If you need a hearty all-in-one meal that goes from fridge to table in under an hour, roasting delivers. Add one-inch chunks of starchy and fibrous vegetables, such as carrots, potatoes and parsnips, to the roasting pan for a side dish.
Season the pork and veggies with kosher salt and freshly ground pepper and give everything a liberal coating of olive oil. Roast the pork and veggies for 10 minutes at 450 F, then lower the oven temperature to 350 F and cook until the internal temperature in the center reaches 140-145 F, about 25 minutes per pound. Let the pork rest for five minutes before serving.
Braising gently cooks the pork in a savory liquid that combines with the meat's juices to form a succulent sauce. You can also incorporate your favorite herbs and spices in the cooking liquid to season the pork and flavor the sauce.
Sear the pork loin in a couple tablespoons of olive oil in a braising pan, then set the roast aside. In the same pan, caramelize two parts chopped onions to one part each chopped carrots and celery, and return the pork to the pan. Add enough stock to cover the pork by half along with a handful of your favorite herbs and spices. Cover the pan and braise the pork in a 325 F oven until it reaches 145 F in the center, about 45 minutes for a two- to three-pound pork loin. Set the pork and veggies aside, and simmer the cooking liquid with 1/2 tablespoon of flour until it thickens, about 10 minutes. Season the sauce to taste and serve.

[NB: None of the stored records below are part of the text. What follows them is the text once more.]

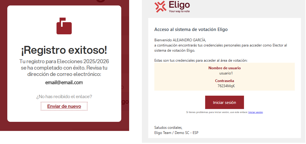 Recibirá un mensaje de confirmación, y al mismo tiempo se enviarán las credenciales para acceder a la votación al correo electrónico comunicado durante la fase de registro.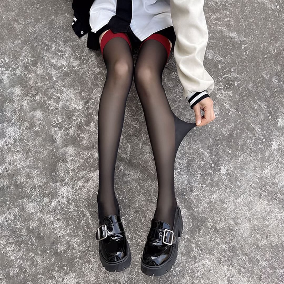 Чорні з бордовим шовковисті капронові панчохи під пояс на широкій резинці, невидимий мисок.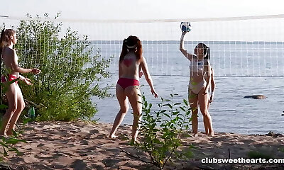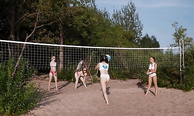 Beach volleyball gets the blonde lesbians tired but once they get back home they get engaged with themselves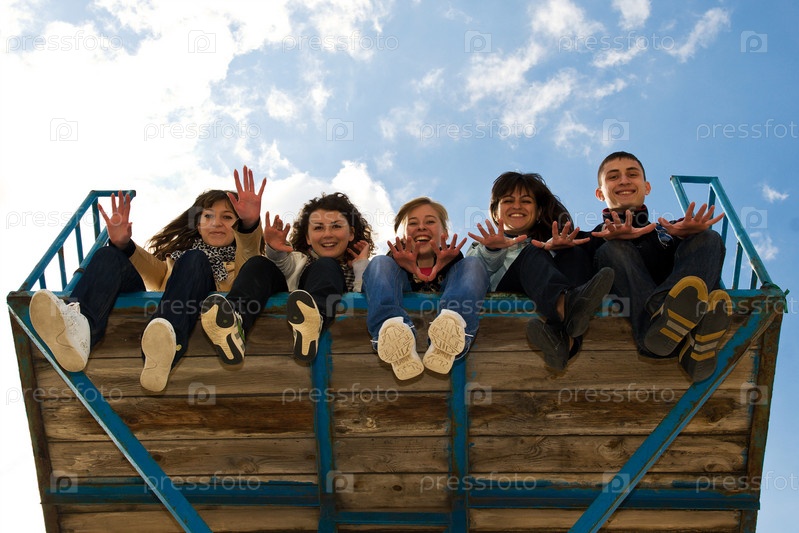 Пять подростков сидят свесив ноги вниз на фоне неба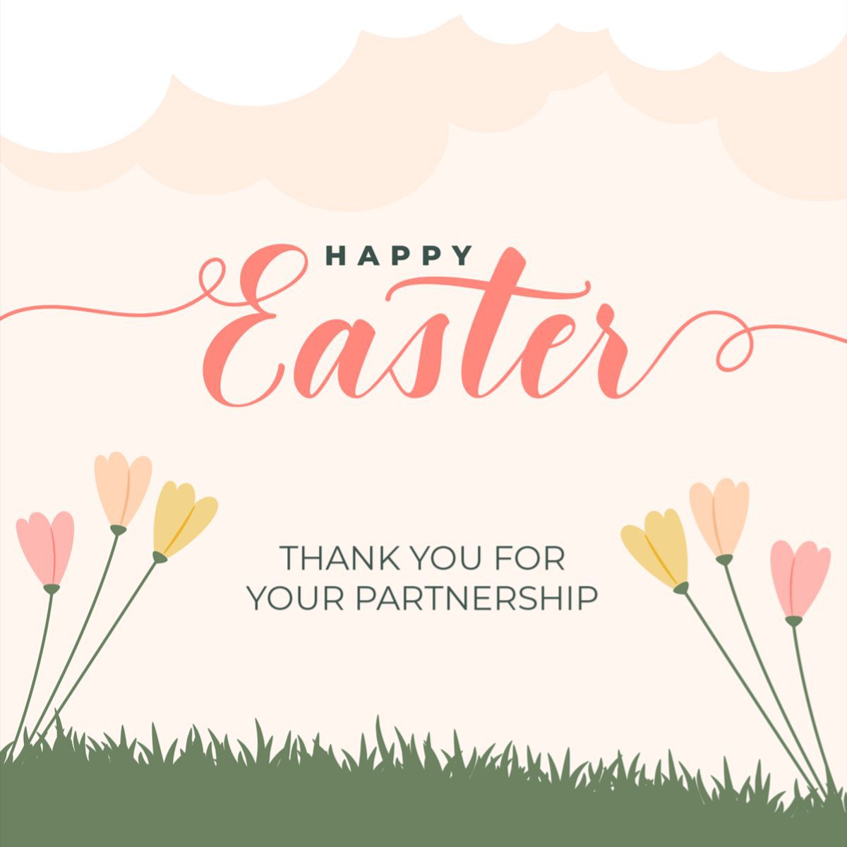 Easter business eCard, thank you email template, partnership appreciation, client gratitude email, professional Easter card, corporate holiday template, free business email templates, Gmail Outlook compatible, cloudHQ templates, relationship building email.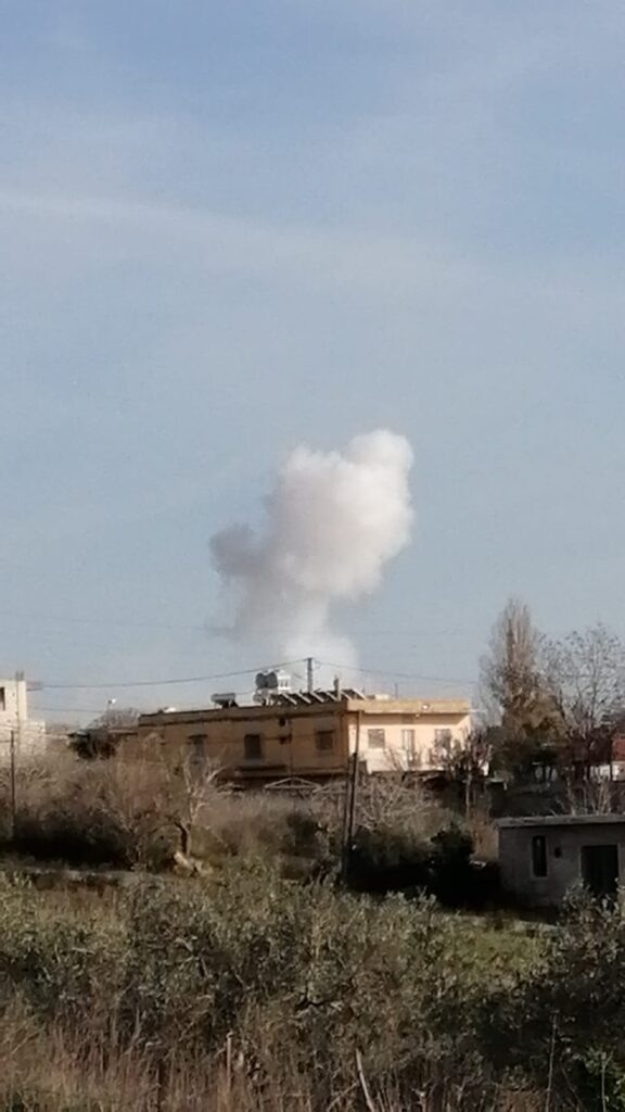 إحدى الصواريخ التي أطلقتها المُسيرة سقطت في كرم زيتون محاذي لمنزل يعود لشخص من الـ القلحاني، ولولا العناية الإلهية، كان هناك مجزرة، اذ أشارت المعلومات إلى أن العائلة كانت خارج المنزل الذي أصيب بشظايا الصاروخ، وألحقت أضراراً مادية في المكان.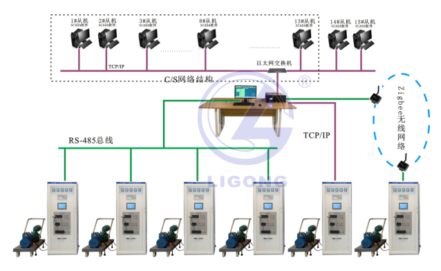 (7)采用C/S網(wǎng)絡(luò)結(jié)構(gòu)配置主站和客戶機(jī),主站對(duì)客戶機(jī)進(jìn)行故障設(shè)置,實(shí)時(shí)監(jiān)控管理與考核等功能;

Grilling gives pork loin a satisfying combination of smoky charred crust and moist, tender interior that showcases what open-flame cooking can do. Save time on side dishes by grilling veggies on the unused parts of the grill while the pork cooks.
Heat the grill to high and season the pork loin to taste. Set the pork loin on the grill and sear it until charred and golden brown on all sides, turning as needed. Lower the grill temperature to medium (around 300 F) and cook the pork, covered, for 45-60 minutes for a two- to three-pound pork loin, turning occasionally. Check the internal temperature and remove the pork when it reaches 140-145 F.
Consider applying a spice rub, herb paste or marinade to the pork loin before cooking it. Make your own herb paste by pureeing two or three cups of fresh herbs with one to two tablespoons of olive oil. Make a spice rub by mixing your preferred dried herbs and spices with kosher salt to taste. To make a marinade, combine equal parts lemon juice or vinegar, vegetable oil and herbs, spices and aromatics, such as chopped garlic. Coat the pork loin on all sides with the rub, paste or marinade, then wrap it in plastic wrap and chill it in the refrigerator for four to 24 hours.